(TASK STATEMENT) Would you give again, exactly as written, the lines from the opening of the records to the line with "Белки с щепоткой", that line included and pictures excluded?

##############################

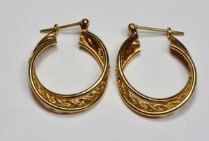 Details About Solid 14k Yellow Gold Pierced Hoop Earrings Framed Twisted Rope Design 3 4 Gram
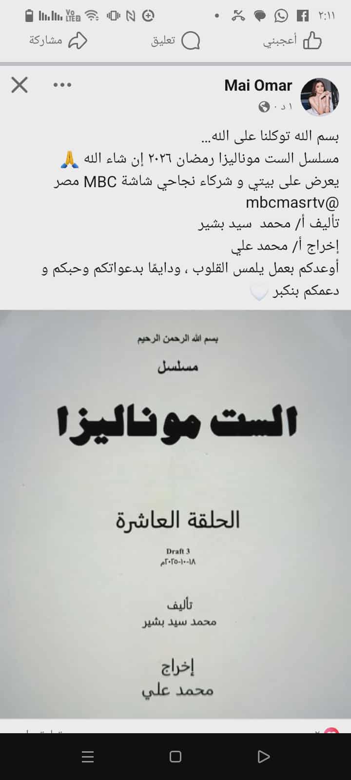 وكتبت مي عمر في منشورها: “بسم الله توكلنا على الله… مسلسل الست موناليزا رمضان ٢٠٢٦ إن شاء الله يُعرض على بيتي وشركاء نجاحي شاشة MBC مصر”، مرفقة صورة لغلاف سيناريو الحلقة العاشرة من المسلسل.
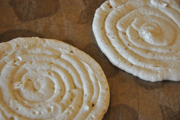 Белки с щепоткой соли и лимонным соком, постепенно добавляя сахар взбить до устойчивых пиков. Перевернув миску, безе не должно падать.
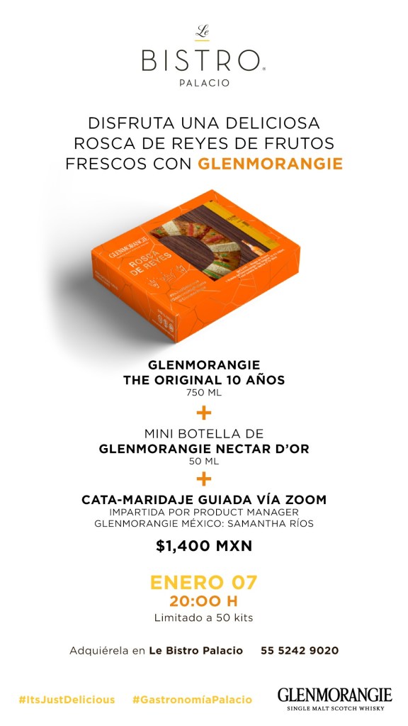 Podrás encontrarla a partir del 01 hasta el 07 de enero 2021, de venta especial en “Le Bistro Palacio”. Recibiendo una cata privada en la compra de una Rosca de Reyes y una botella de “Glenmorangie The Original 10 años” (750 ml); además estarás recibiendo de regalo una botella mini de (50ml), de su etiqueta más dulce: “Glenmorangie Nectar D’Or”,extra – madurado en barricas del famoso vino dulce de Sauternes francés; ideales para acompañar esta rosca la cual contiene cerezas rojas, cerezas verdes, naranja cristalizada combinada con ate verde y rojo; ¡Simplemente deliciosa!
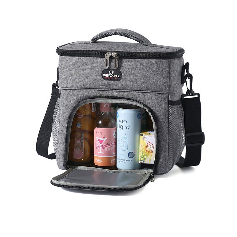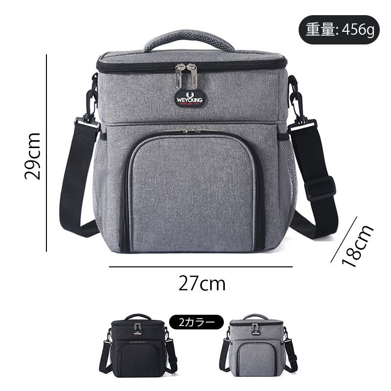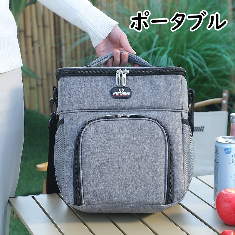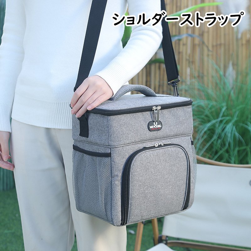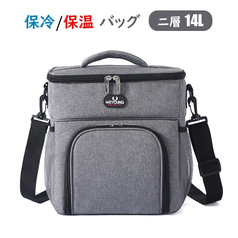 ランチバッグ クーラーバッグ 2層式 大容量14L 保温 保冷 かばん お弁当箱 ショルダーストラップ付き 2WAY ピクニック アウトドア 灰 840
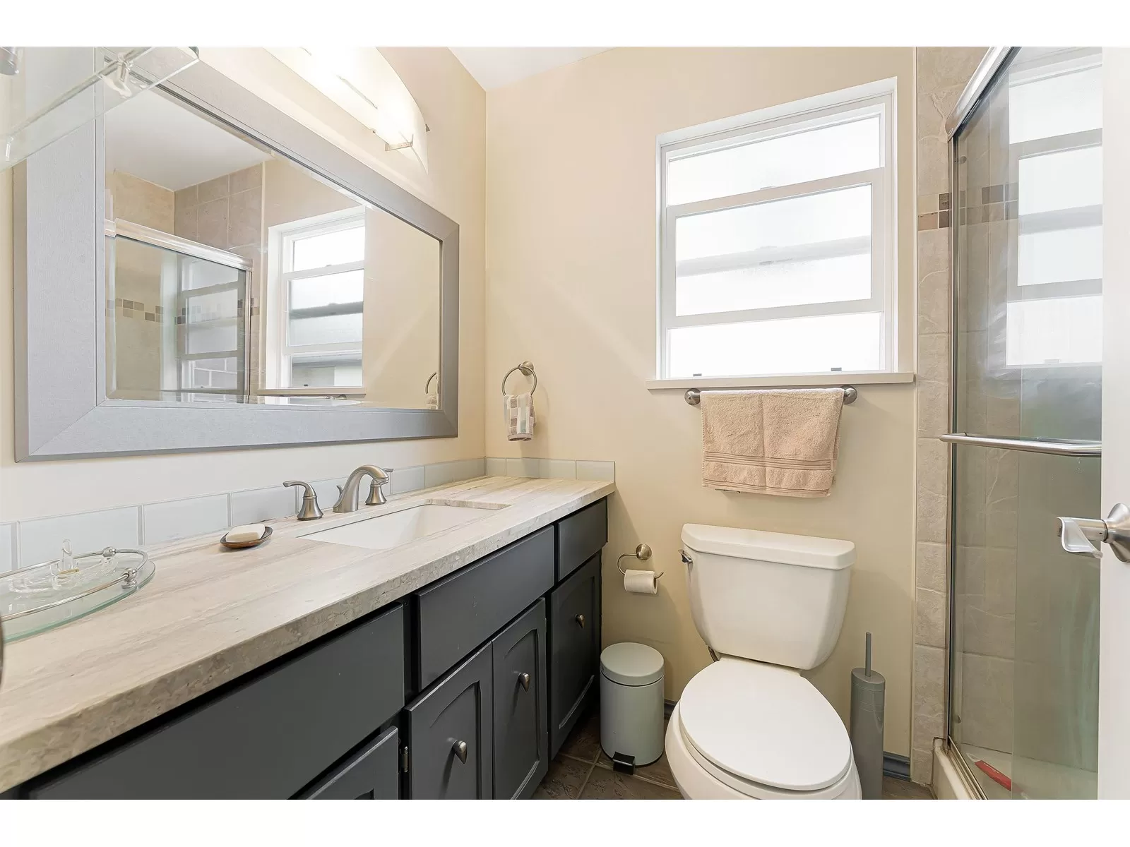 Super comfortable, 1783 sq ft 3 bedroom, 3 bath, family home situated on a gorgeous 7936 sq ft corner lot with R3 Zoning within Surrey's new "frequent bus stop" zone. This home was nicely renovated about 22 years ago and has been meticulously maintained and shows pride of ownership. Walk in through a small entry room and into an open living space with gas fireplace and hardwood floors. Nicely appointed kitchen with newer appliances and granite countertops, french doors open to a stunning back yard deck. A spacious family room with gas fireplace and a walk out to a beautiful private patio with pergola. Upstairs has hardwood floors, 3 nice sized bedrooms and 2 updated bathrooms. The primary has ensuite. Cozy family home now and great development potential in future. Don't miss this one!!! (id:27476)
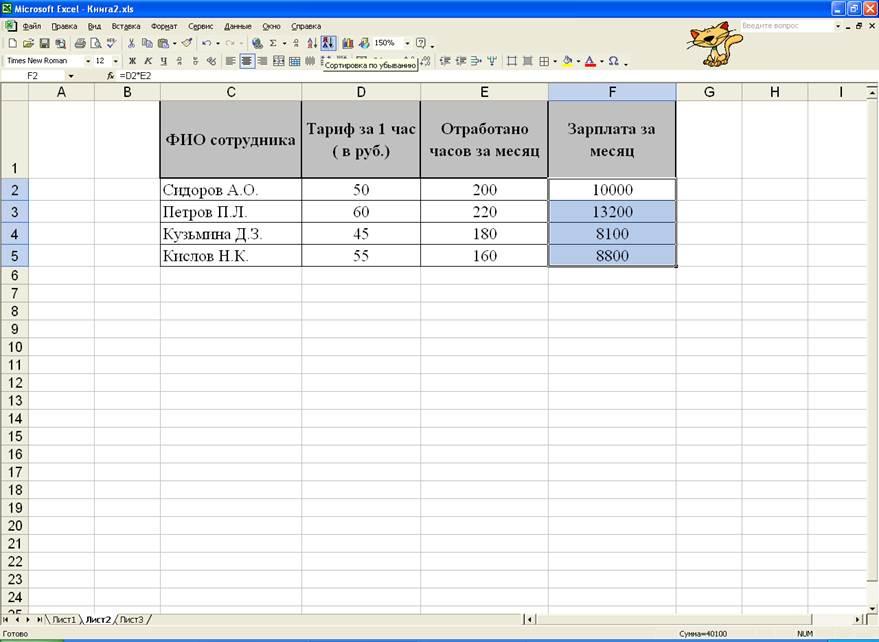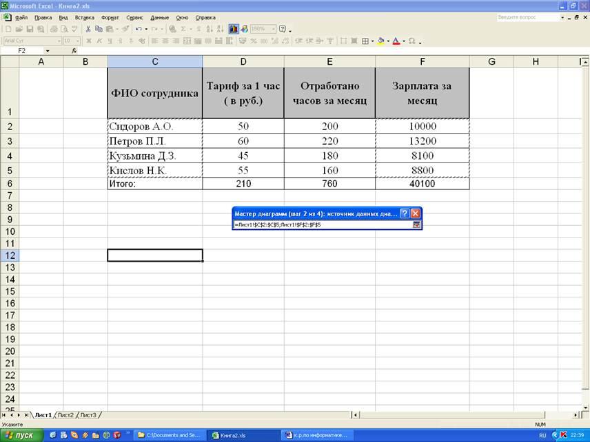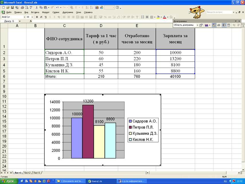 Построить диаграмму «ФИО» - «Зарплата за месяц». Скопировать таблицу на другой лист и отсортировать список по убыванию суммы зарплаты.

##############################

(RESPONSE)
 Details About Solid 14k Yellow Gold Pierced Hoop Earrings Framed Twisted Rope Design 3 4 Gram
 وكتبت مي عمر في منشورها: “بسم الله توكلنا على الله… مسلسل الست موناليزا رمضان ٢٠٢٦ إن شاء الله يُعرض على بيتي وشركاء نجاحي شاشة MBC مصر”، مرفقة صورة لغلاف سيناريو الحلقة العاشرة من المسلسل.
 Белки с щепоткой соли и лимонным соком, постепенно добавляя сахар взбить до устойчивых пиков. Перевернув миску, безе не должно падать.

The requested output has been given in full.